The main focus of Vitrage in the Ocata version was to enhance the integration with external projects, to support more use cases, and to give more value to the user.

New Features

  • A new Collectd Datasource was added, to handle notifications coming from collectd. collectd is a fast system statistics collection daemon, with plugins that collect different metrics. We tested the DPDK plugin, that can trigger alarms such as interface failure or noisy neighbors.

  • A new Doctor Datasource was added in order to support the OPNFV Doctor Inspector requirements. This datasource handles notifications sent from the Doctor monitor.

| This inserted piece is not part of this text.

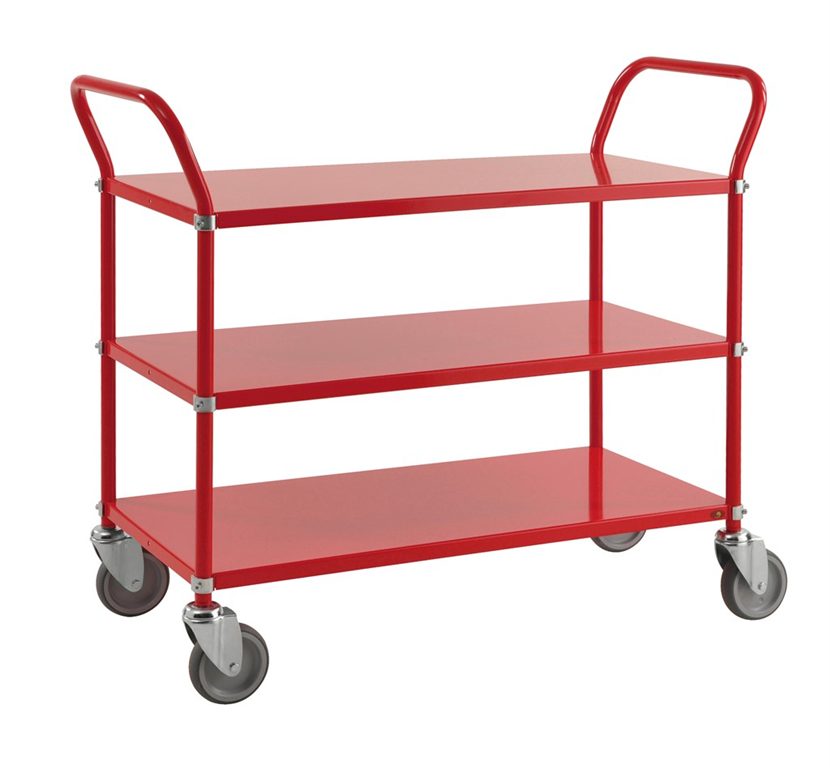 Tre stadiga hyllplan som håller lasten på plats vid transport. Handtagen är utformade för att du ska få bästa möjliga grepp och har en vinkel som gör vagnen lätt att förflytta. Finns i flera färgglada färger. Med våra rullvagnar rullar lasten säkert! Hyllplanen har en dimension på 900x400 mm och vagnen har fyra länkhjul med en diameter på 125 mm. Hyllplanen kan monteras med kanten upp eller ned efter eget önskemål. Klarar upp till 250 kg.- Rullvagn i olika färger
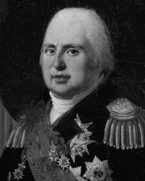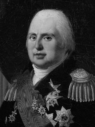 В 1798 году монарха приютил в Митаве император Павел I, его резиденцию называли Версалем в России. После сближения Санкт-Петербурга с Францией отношения между бывшими союзниками стали напряженными, Людовик XVIII покинул страну и обосновался в Польше. По дороге беглый французский правитель попал в неловкую ситуацию: русский офицер отказался уступать ему комнату в гостинице, зная, что перед ним стоит представитель династии Бурбонов.

If a compute.host.down notification arrives, the Doctor datasource will create an alarm on the host in Vitrage, call nova force-down API and create deduced alarms on the relevant instances and applications.

  • The Vitrage Static Datasource is meant to define in a yaml file cloud resources that cannot be retrieved dynamically. Switches are a good example, as currently no OpenStack project provides information about them. In Newton, only switches could be defined in the static yaml files. In Ocata the file definition was enhanced, so the user can define practically everything. The new schema is subset of the Vitrage evaluator templates schema, to make it easier to use and maintain.

  • The Aodh Datasource is used to collect alarms from Aodh and pass them to Vitrage, so Vitrage can correlate them with other alarms in the system. In Ocata we added support for receiving immediate notifications on alarm state changes from Aodh. This allows Vitrage to act immediately in case Aodh detects a problem and there is a need to trigger new alarms (e.g. on an application) or modify the states of resources.

Deprecation Notes

  • The static_physical file format is deprecated. Please use the new static file format instead.